The 10M left I would probably share it with family. If I'm the only rich
person around my family that would suck. And I have a big family.

------
mooij
About $1m. Enough to buy a house and take care of
emergencies/unemployment/travel. I would drive me insane not to be able to
program, but it's nice to be picky about what programming you actually do.

------
joeclark77
Notice that not one reply here has quoted a figure in bitcoins.

------
mindcrime
I've always thought somewhere around $4M would be enough, but I'd feel more
comfortable with about $10M to allow for contingencies.

------
LyndsySimon
If I had 1k BTC, I'd be willing to quit my job and work solely on my passions
for a while.

If I had 5k BTC, I'd never need to make money again.

------
purringmeow
2 million Euro.
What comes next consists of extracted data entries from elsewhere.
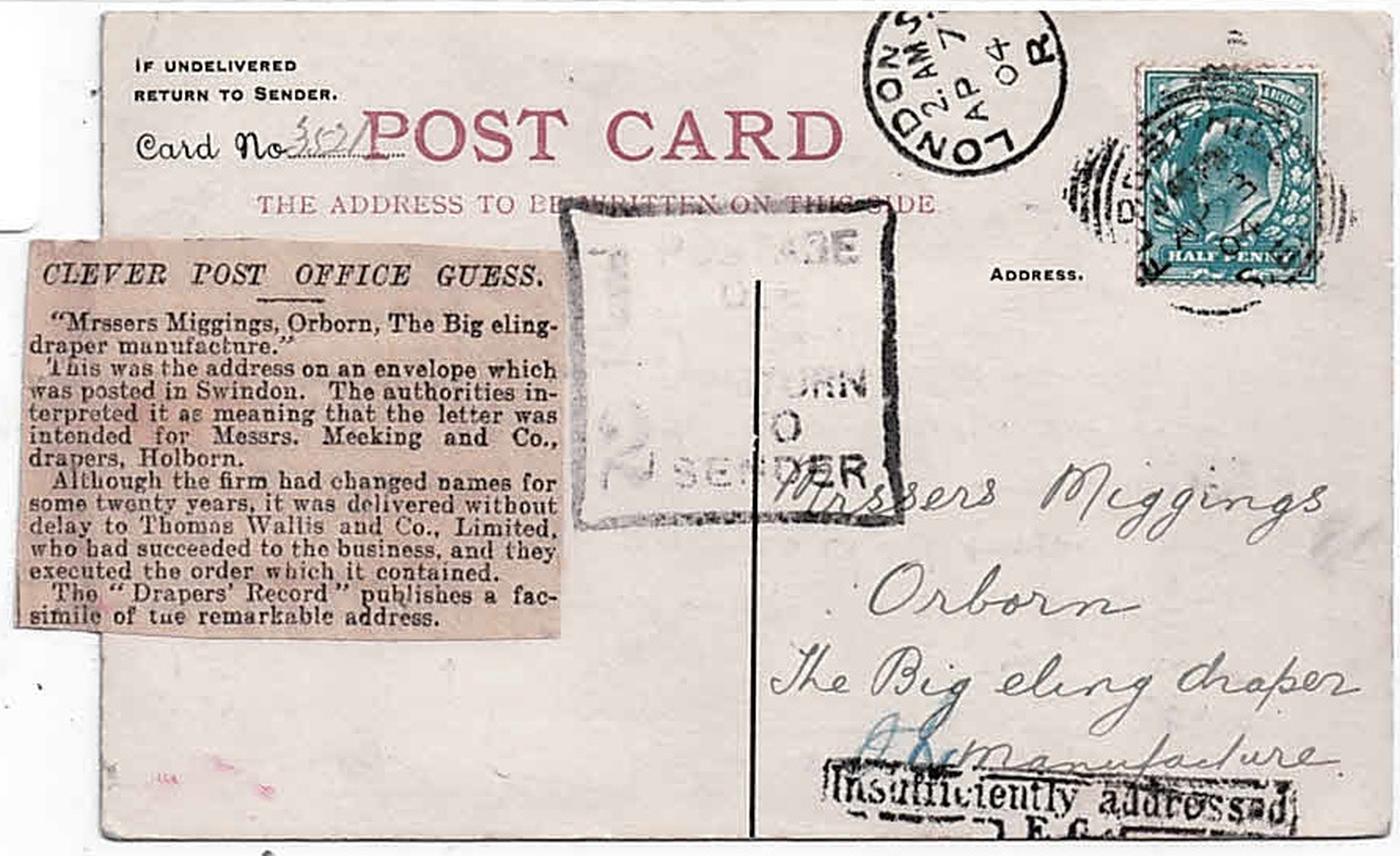 Attached to the card is a contemporary newspaper cutting that explains that the name of the company had beeen changed some 20 years earlier to Messrs. Thomas Wallis and Co. Unfortunately for Bray, unlike the reported item of mail that had been successfully delivered, the postal authorities were not as efficient this time and the card was returned undelivered with a halfpenny charge for being insufficiently addressed. You win some, you lose some!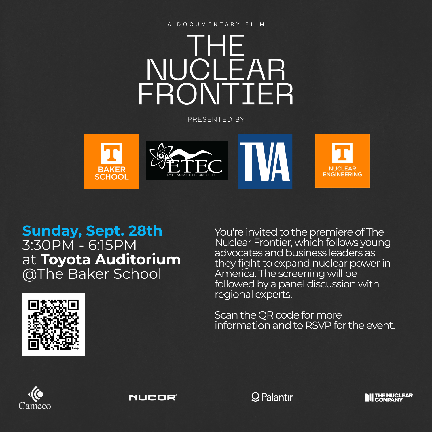 Join the University of Tennessee at the Toyota Auditorium at the Baker School for a screening of The Nuclear Frontier followed by a panel discussion. This exciting new documentary explores the growing need for energy in the U.S. and how nuclear can meet this demand with resilient, stable, baseload energy. The panel will engage academics and industry professionals in a discussion about nuclear technologies, academic-industry collaborations, and where our energy future is headed.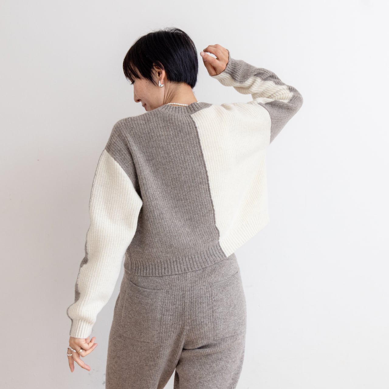 モンゴル産無染色ウール100%、グレーとオフホワイトの大胆な配色が映える新作丸首ニットができました。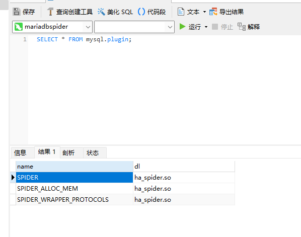 接着打开名为 mariadbspider 的容器,在里面按照 Spider 插件: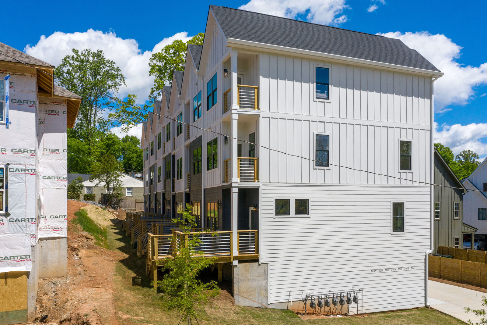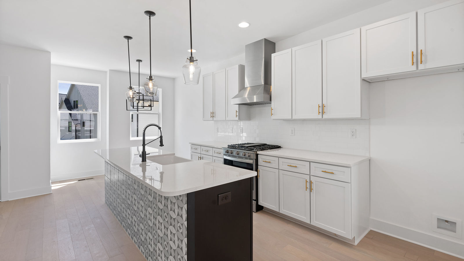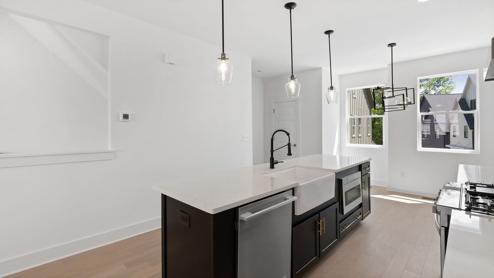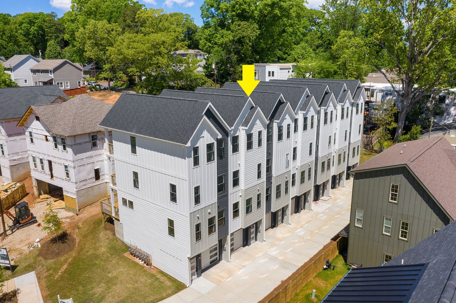 Step into home ownership in this exclusive collection of 7 modern farmhouse townhomes located a stone's throw from Plaza Midwood's main street bustle and Veterans Park. Untethered, low maintenance living with a full-floor owners retreat, walk-in closet, desk nook, & full-size laundry PLUS two secondary bedrooms & bath on the top floor. Designer-selected lighting & finishes, including quartz kitchen and bath countertops, classic subway tile backsplash & shower surround, and shaker style cabinetry. Open living level with eat-at kitchen island, stainless gas range and kitchen appliances, plus full-size dining area & front porch. Technology Upgrade Package with NEST thermostat, security cameras, video doorbell; plus, touchpad entry.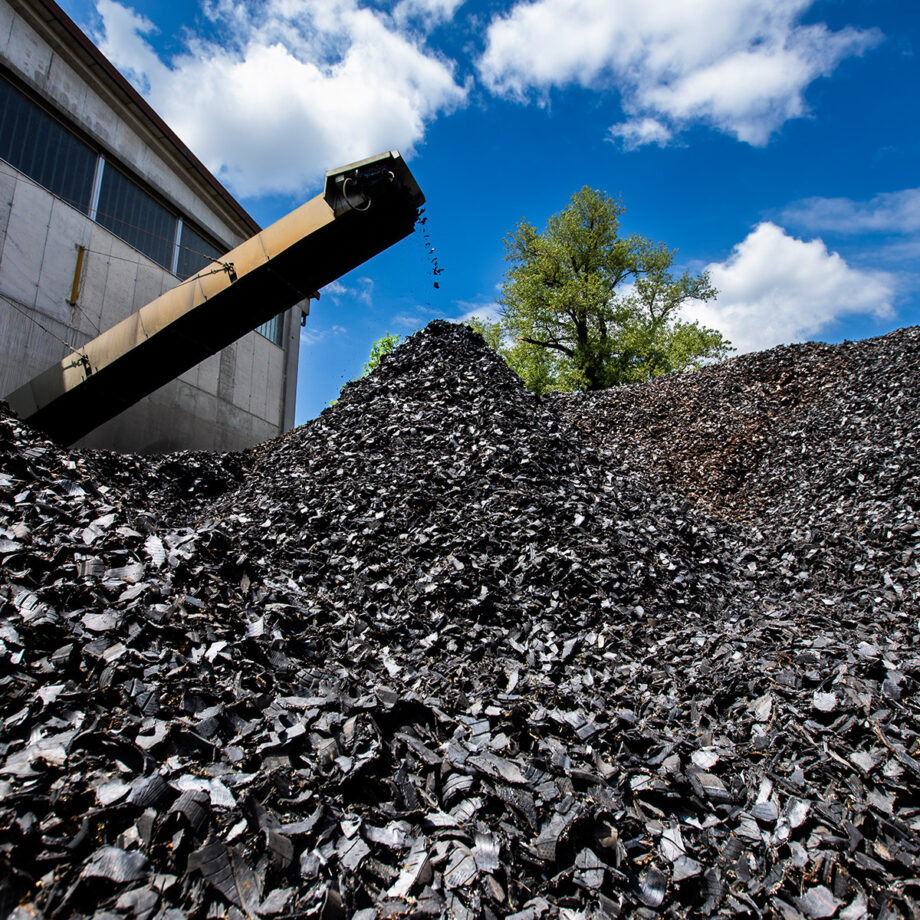 Gli pneumatici vengono poi frantumati meccanicamente a temperatura ambiente, così da preservare le caratteristiche originarie della gomma e le sue proprietà elastiche e di resistenza.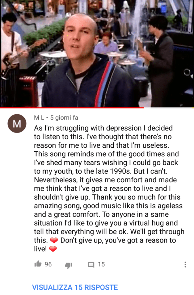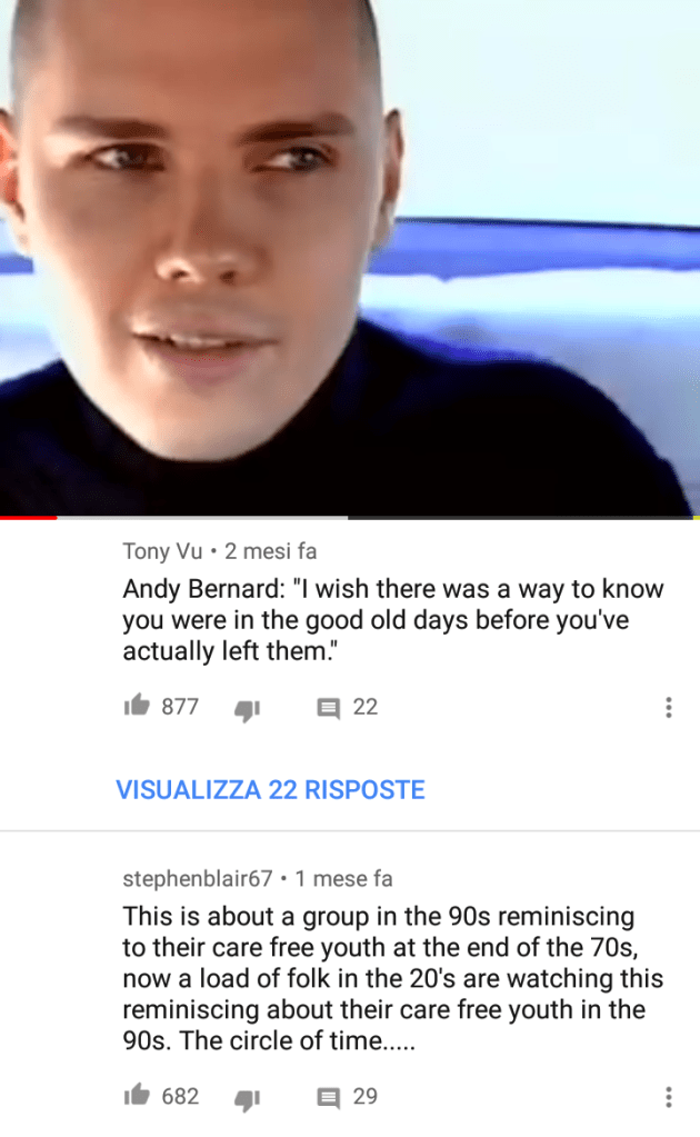 Ad ogni modo, qualche giorno fa, nel corso del mio giro della morte, mi sono messo a leggere i commenti ai video di allora su Youtube. C’è chi si è rimesso ad ascoltare la musica della sua adolescenza durante il lockdown, chi è depresso dal 1994 e non si è ancora ripreso, chi più lucido afferma che in alcuni casi quella per gli anni ’90 è una nostalgia di una nostalgia (vedi 1979 degli Smashing Pumpkins), dunque di un periodo (e di un luogo) inesistente…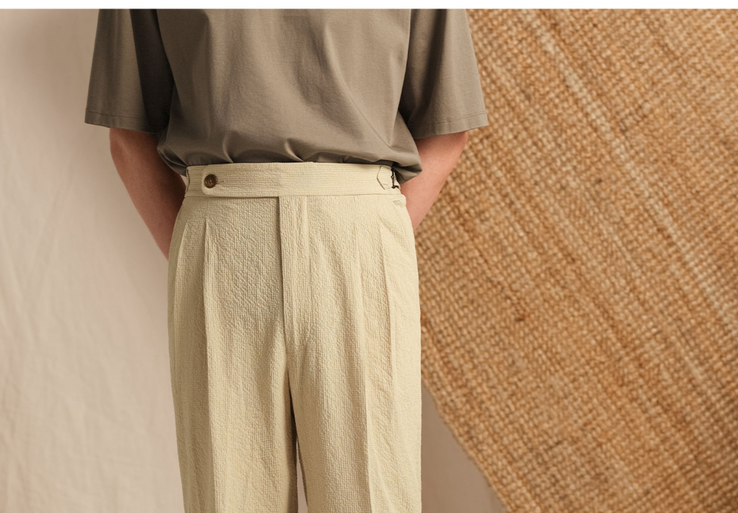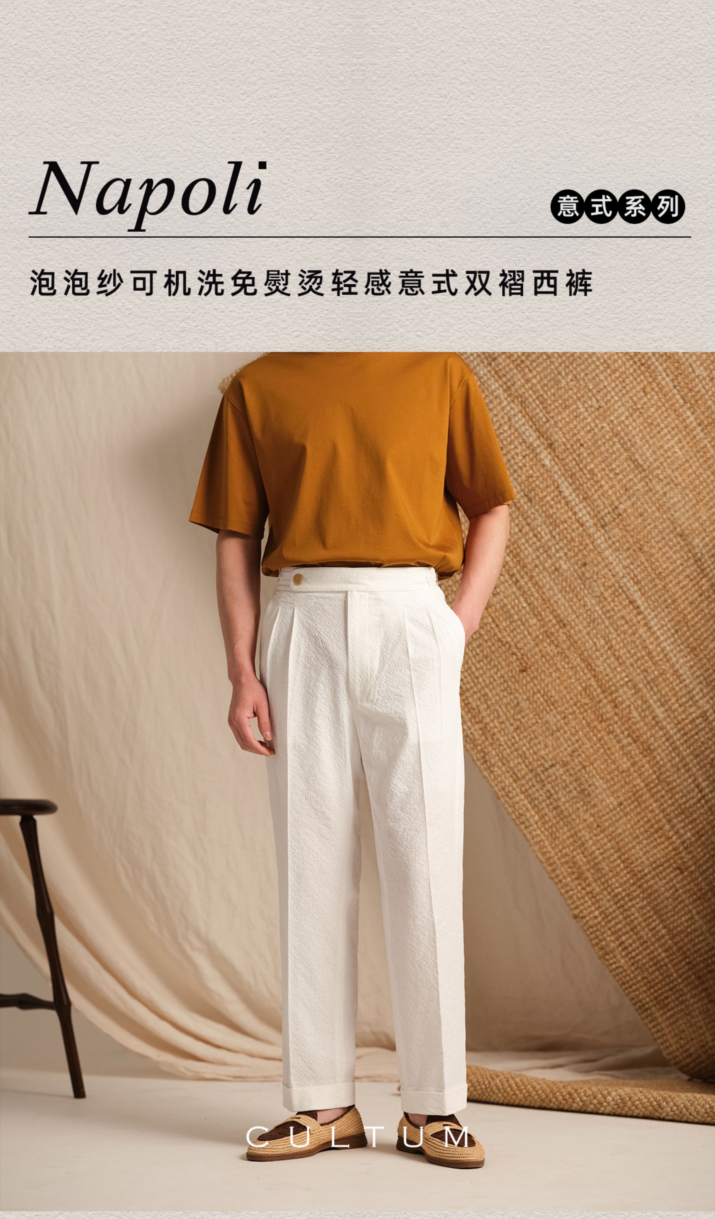 【Zero Gravity Feel, Machine Washable】Cultum Italian Bubble Gauze No-Iron Lightweight Breathable Double-Pleated Casual Dress Pants for Men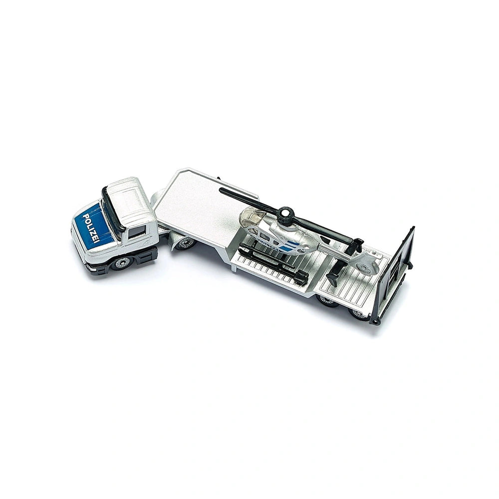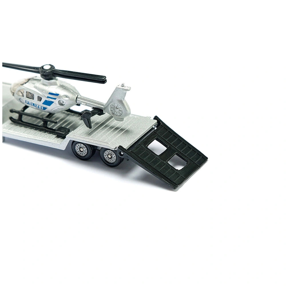 Introducing the Siku Low Loader with Helicopter, a remarkable addition to any child's playtime or collector's showcase. This meticulously crafted play vehicle set combines the durability of metal and plastic parts, ensuring longevity and resilience during play. Designed specifically to transport a SIKU police helicopter, this low loader is not just a toy; it’s an invitation to imaginative adventures and thrilling rescue missions.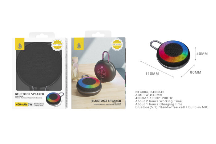 NF4084  NE Mini Altavoz Blutooth 5.1, Frecuncia 100Hz-20KHz, con Mano libre/Incluido Microfono, Bateria 400mAh/3W,Negro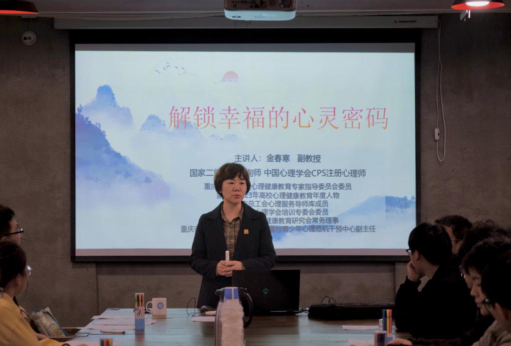 11月6日,科学城校区“两路先锋”一站式学生社区服务大厅暖意融融,“先锋润心,与‘理’同行——青年学生党群关系和谐共进实践探索”团体辅导活动正在此开展。本次活动由重庆交通大学“交小菁”功能型党支部和“君君有你”辅导员名师工作室联合举办,国家二级心理咨询师金春寒副教授主讲,河海学院20余名学生代表与辅导员齐聚一堂,在互动体验中解锁幸福的心灵密码。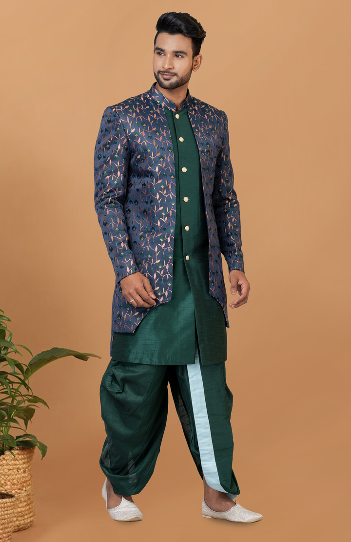 Stand out in royal flair with this bottle green and navy floral Indo Western set — where classic dhoti elegance meets contemporary luxury.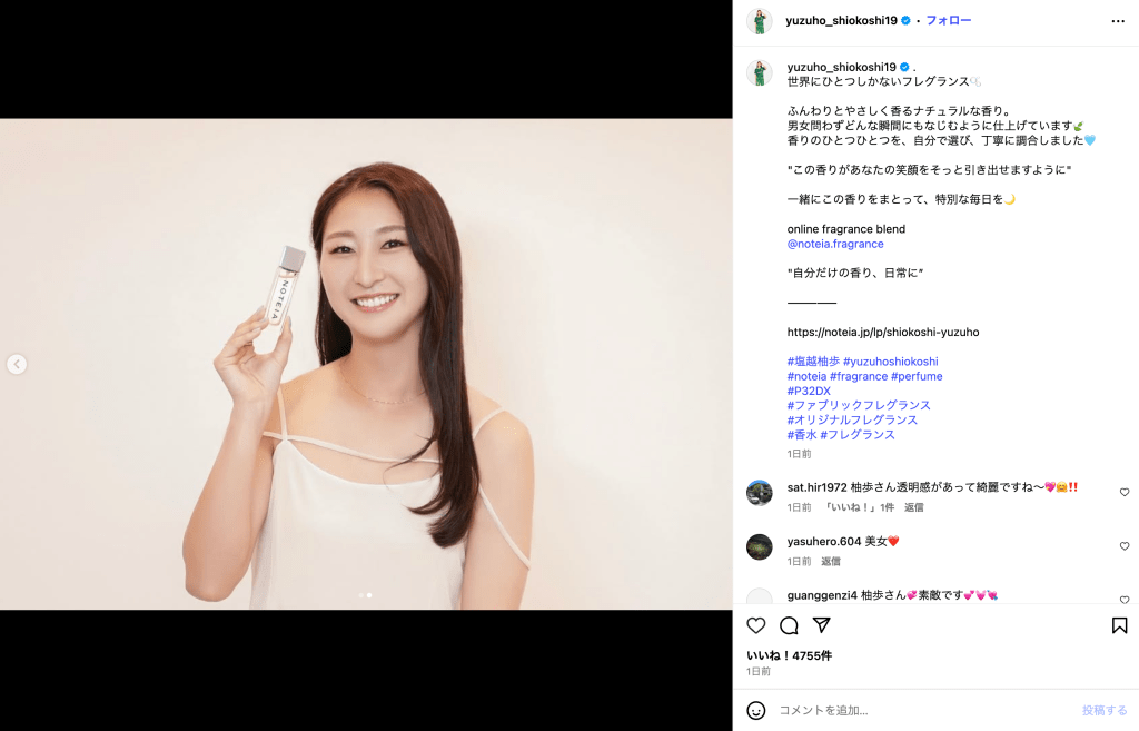 日テレ・東京ベレーザのMF塩越柚歩(27)が10月15日、自身のInstagramを更新。フレグランスブランド「NOTEIA(ノティア)」とのコラボ投稿を行い、「この香りがあなたの笑顔をそっと引き出せますように」とメッセージを添えて写真を公開した。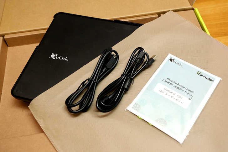 箱子內有說明書、影像傳輸線(HDMI)、USB供電線材,以及本次的主角1303A,而1303A則是還有附一個不織布保護套可以做使用。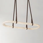 - The ODDA L1P Suspension Light redefines minimalist lighting with a bold yet refined presence. At its core, a sculptural alabaster ring—softly glowing and delicately textured—floats effortlessly, its organic warmth balanced by a slender metallic plate that introduces a sleek, contemporary contrast. Suspended from supple leather straps, meticulously handcrafted for a touch of artisanal luxury, this suspension light bridges raw materiality and modern precision.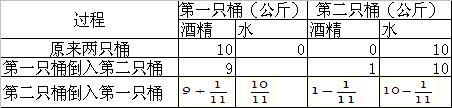 分析:两只桶酒精与水的交换过程如下:由图中计算出第一只桶中酒精所占比例和第二只桶中水所占的比例,比较大小.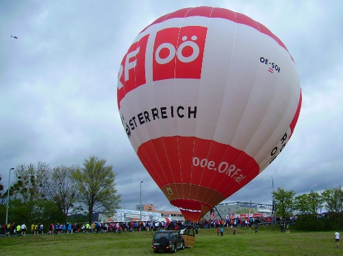 Von weitem sieht man den Heißluftballon, der am Boden festgezurrt ist, Hubschrauber kreisen. Als ich zum Start komme, sehe ich vorne ausgestopfte American Footballer stehen. Sie sollen die Masse davon abhalten, noch vor Beginn des Rennens der Elite in die Quere zu kommen. In der Startaufstellung und am Weg dorthin treffe ich wieder viele Bekannte und Freunde. „Dahoam is’ dahoam,“ wie man bei uns sagt!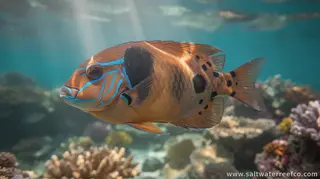The Blue Eye Bristletooth is a striking tang-like reef fish recognizable by its orange-brown bodyvibrant blue markings, and distinctive spotted pattern around the face and fins. As a result, it’s often described as one of the more visually dramatic tangs seen in marine displays.

Just putting it in bank with 5% interest is 100,000 euro/year
- more than enough for me.

------
DiabloD3
$25m.

------
rbanffy
Last time I checked, $4M would be enough.

------
dar8919
North of 20M $

------
general_failure
200m usd

------
fuddle
$1m

------
lotsofmangos
£1

------
antidaily
However much Dan Bilzerian has.

------
pikachu_is_cool
$75,070 + however much taxes needed to purchase a Tesla Model S.

I literally would not need anything else. I could go wherever I wanted
whenever I wanted. I wouldn't have to pay for gas. I'd use Uber to drive
people around with zero expenses. I'd sleep in the spacious back seat.